FIG. 4a of our prior application is reproduced here as FIG. 2b and illustrates a shift pattern of the type wherein P=6 and S=2. This pattern contains three color filter elements, green (G), cyan (Cy) and white (W), having a sequence G,Cy,G,G,W,G. The sequence of each sequential row is shifted two elements to the left from the sequence of the preceeding row. Thus, the pattern repeats in the vertical direction after P/S or three rows. If P/S is not an integer, the pattern would repeat vertically after P rows.
It has been found that when shift patterns of the type illustrated in FIG. 2b are used in conjunction with a CCD imager having a relatively high vertical crosstalk (light energy illuminating one filter row is received by collection sites of the imager as if the light energy also illuminated the vertically adjacent filter rows) only two independent color signals can be decoded.

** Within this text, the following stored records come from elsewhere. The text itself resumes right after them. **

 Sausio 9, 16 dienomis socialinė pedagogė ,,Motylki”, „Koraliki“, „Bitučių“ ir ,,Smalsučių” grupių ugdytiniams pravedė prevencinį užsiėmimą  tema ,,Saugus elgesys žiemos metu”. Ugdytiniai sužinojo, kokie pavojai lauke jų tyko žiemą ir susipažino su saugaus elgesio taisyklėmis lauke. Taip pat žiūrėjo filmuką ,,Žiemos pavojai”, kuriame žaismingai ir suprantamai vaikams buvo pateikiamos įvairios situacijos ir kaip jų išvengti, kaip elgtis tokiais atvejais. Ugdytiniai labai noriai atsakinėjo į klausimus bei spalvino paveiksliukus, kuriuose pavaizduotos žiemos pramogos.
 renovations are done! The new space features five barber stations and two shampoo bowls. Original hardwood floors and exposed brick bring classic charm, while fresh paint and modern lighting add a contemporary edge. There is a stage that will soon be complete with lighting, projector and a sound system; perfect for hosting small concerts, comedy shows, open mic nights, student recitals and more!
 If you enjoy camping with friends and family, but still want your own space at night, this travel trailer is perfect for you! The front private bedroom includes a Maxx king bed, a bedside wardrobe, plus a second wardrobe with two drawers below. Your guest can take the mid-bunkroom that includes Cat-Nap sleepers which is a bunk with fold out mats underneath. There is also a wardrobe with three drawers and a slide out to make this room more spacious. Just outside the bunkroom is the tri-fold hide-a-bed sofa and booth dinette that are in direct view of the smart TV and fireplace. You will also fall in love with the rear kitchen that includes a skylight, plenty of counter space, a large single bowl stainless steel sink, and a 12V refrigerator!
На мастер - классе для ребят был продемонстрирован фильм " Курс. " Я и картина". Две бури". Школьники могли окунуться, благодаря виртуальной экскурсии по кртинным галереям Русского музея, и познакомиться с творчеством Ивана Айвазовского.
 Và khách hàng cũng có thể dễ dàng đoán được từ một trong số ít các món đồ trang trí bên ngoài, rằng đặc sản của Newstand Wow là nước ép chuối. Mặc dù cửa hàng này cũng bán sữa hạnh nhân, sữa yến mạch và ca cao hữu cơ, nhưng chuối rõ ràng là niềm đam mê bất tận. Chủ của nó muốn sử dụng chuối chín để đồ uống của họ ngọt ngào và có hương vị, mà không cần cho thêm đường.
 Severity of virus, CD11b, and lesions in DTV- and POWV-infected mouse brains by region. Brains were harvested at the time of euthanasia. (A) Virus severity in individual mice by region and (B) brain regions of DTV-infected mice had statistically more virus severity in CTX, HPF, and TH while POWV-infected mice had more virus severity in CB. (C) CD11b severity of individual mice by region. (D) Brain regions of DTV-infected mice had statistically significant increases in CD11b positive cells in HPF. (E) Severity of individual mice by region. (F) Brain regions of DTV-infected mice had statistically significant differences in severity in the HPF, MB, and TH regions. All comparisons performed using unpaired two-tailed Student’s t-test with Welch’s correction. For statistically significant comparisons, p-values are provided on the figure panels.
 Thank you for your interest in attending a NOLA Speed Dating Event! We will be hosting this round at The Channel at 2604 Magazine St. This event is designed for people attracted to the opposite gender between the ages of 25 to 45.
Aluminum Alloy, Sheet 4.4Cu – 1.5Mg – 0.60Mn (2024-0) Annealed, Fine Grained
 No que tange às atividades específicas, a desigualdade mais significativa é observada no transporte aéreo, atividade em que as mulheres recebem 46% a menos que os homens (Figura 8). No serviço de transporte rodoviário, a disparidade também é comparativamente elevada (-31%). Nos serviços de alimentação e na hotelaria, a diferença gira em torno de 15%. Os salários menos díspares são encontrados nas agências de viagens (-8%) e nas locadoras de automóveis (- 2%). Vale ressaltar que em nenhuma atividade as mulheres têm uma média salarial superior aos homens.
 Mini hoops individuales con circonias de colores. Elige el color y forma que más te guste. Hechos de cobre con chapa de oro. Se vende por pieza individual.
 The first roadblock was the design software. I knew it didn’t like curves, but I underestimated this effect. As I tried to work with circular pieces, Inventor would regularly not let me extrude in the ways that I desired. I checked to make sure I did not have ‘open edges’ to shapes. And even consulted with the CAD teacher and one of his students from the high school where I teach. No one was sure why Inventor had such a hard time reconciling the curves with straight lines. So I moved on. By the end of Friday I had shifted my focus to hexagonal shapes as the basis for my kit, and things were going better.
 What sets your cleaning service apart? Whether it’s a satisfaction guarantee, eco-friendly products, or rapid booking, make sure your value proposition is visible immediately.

For example, if the vertical crosstalk is 331/3%, when light is directed at the second filter row, it is received by the lines of collection sites of the imager as if the filter rows both above and below the second row were also illuminated. This causes 662/3% of the light which illuminated the second filter row to be received in the line of imager collection sites optically aligned with the second filter row and the remaining 331/3% of the light which illuminated the second filter row to be received in adjacent lines of image collection sites. Thus, as noted by inspection of FIG. 2b, since the filter pattern repeats in the vertical direction every third line, irrespective of which filter element is illuminated, only two color signals are provided by the filter i.e. GGW and GGCy. In practice, this type of pattern is noticeably degraded at CCD vertical crosstalk levels exceeding 25%, which crosstalk levels can not be reduced economically with today's technology, as far as known by the inventor herein. A color filter pattern described in our prior application and illustrated herein as FIG. 2c has a vertical period of four filter elements and is less sensitive to vertical crosstalk due to the greater number of different vertically adjacent filter elements. Unfortunately, as noted in our prior application, no analog color decoding scheme has been found which is suitable for processing the signals generated by this pattern. Although a generalized digital signal processing circuit such as described in our prior application can be utilized to provide satisfactory decoding, it would require a substantial number of digital integrated circuits. Consequently the decoding circuitry would require a substantial volume and consume a significant amount of power, which requirements are not compatible with small size and light weight of a portable color camera, for which the color encoding filter/CCD imager combination is ideally suited.
Therefore, it is desirable to provide a shift type color encoding filter pattern having a color sequence which has a vertical repetition sequence of not less than four rows and which lends itself to relatively simple and therefore economical analog decoding.